Since the age of eighteen, Petunia has been a wandering soul. His mantra is “We only live for a short time. We might as well make the most of it.” As a result, he’s spent much of his life in search of “experiences,” moving from town to town, depending on the kindness of strangers—many of whom quickly become friends.
Before transforming into a travelling troubadour he worked in the film industry, which eventually led him to the Cineforum, the legendary Toronto theatre run out of the film archivist Reg Hartt’s living room, and where Petunia lived and worked for a time. “The first time I saw him talk, I was sold,” Petunia said of Hartt. “We’ve been friends ever since.
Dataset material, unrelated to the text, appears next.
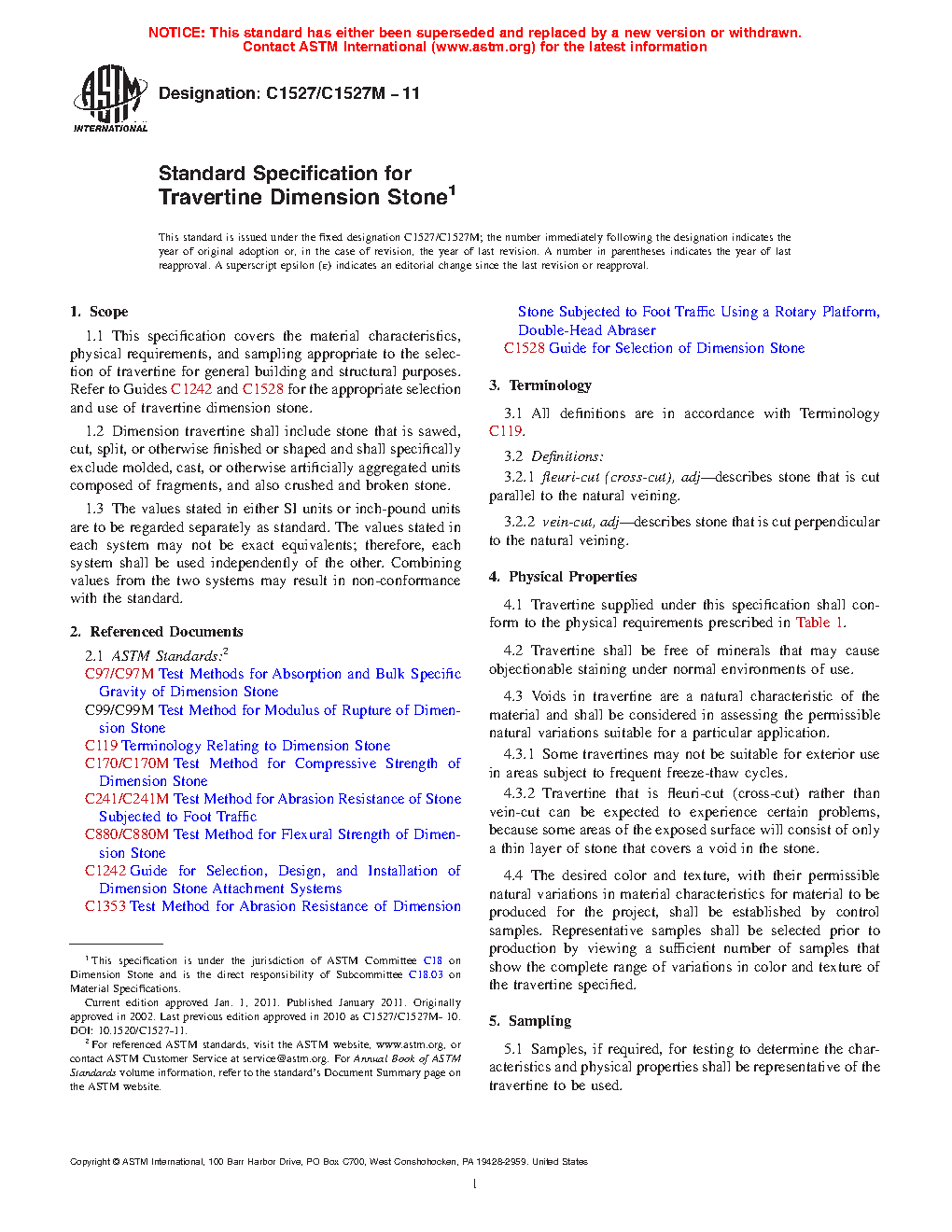 1.1 This specification covers the material characteristics, physical requirements, and sampling appropriate to the selection of travertine for general building and structural purposes.

I learned everything I know about the business of being an artist from Reg. And believe it or not, I learned how to walk a little more gracefully from knowing him.”
Petunia came to music in a roundabout way. His parents were passive music listeners whose tastes leaned toward Paul Anka and Neil Sedaka—not the type of sounds that make a kid growing up in Laval, Quebec, long to pick up a guitar and sing. He says his earliest, most important influence was the 1976 K-Tel compilation Looney Tunes, which included such novelty songs as Napoleon XIV’s “They’re Coming to Take Me Away, Ha-Haaa!” and “Kookie, Kookie (Lend Me Your Comb),” by Edd “Kookie” Byrnes. Eventually, older cousins played him more groundbreaking artists, like Led Zeppelin, Bowie, Boney M., and AC/DC. His true musical awakening, which he refers to as a “Frankenstein moment,” came while living at the Cineforum, when the comedian Sheila Gostick taught him how to sing and play guitar, and rechristened him Petunia. He started busking soon after, and in a sense has never stopped.
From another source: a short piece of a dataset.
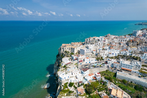 Naklejka premium Vista aerea della città di Peschici sul mare adriatico, parco nazionale del...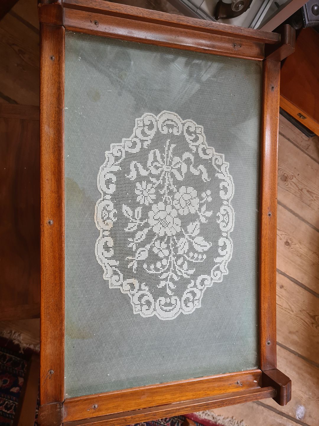 Lampebord fra 1930'erne i mahogni med glasplade og bar rum. Fremstår pænt velholdt og funktionsdygtigt, med kun en anelse brugsspor på broderiet under glaspladen. Højde 75 cm. Længde 60 cm. Bredde 40 cm. Emne nummer: 81038

Petunia’s eclectic tastes and love of the road have given him a career as unique as his sound. He tours extensively, across Canada and around the world, playing to standing-room-only crowds in venues ranging from a sixty-seat century-old converted church in Parkindale, New Brunswick, to a co-op café on the outskirts of Montreal, to Toronto’s rustic palace, the Dakota Tavern. “I enjoy the whole lifestyle,” Petunia said. “I enjoy playing large and small venues, but where I have a lot of friends and have a lot of fun, those are the places I like to go back to. You know the saying about how water follows the least resistant path? The path with the least resistance is the way to go. That’s what Reg taught me.”
When not touring as a solo artist, Petunia is joined by the Vipers, a band formed from the ashes of the rockabilly star Ray Condo’s Ricochets after his death, in 2004. Together, they’ve recorded three albums of originals and less-known covers, most recently Inside of You.
“For me, success is making excellent recordings, making really great music, putting on really good shows, and still being able to carry on having a life,” he says. “I don’t have a job—my job is what I do. So that’s success to me.”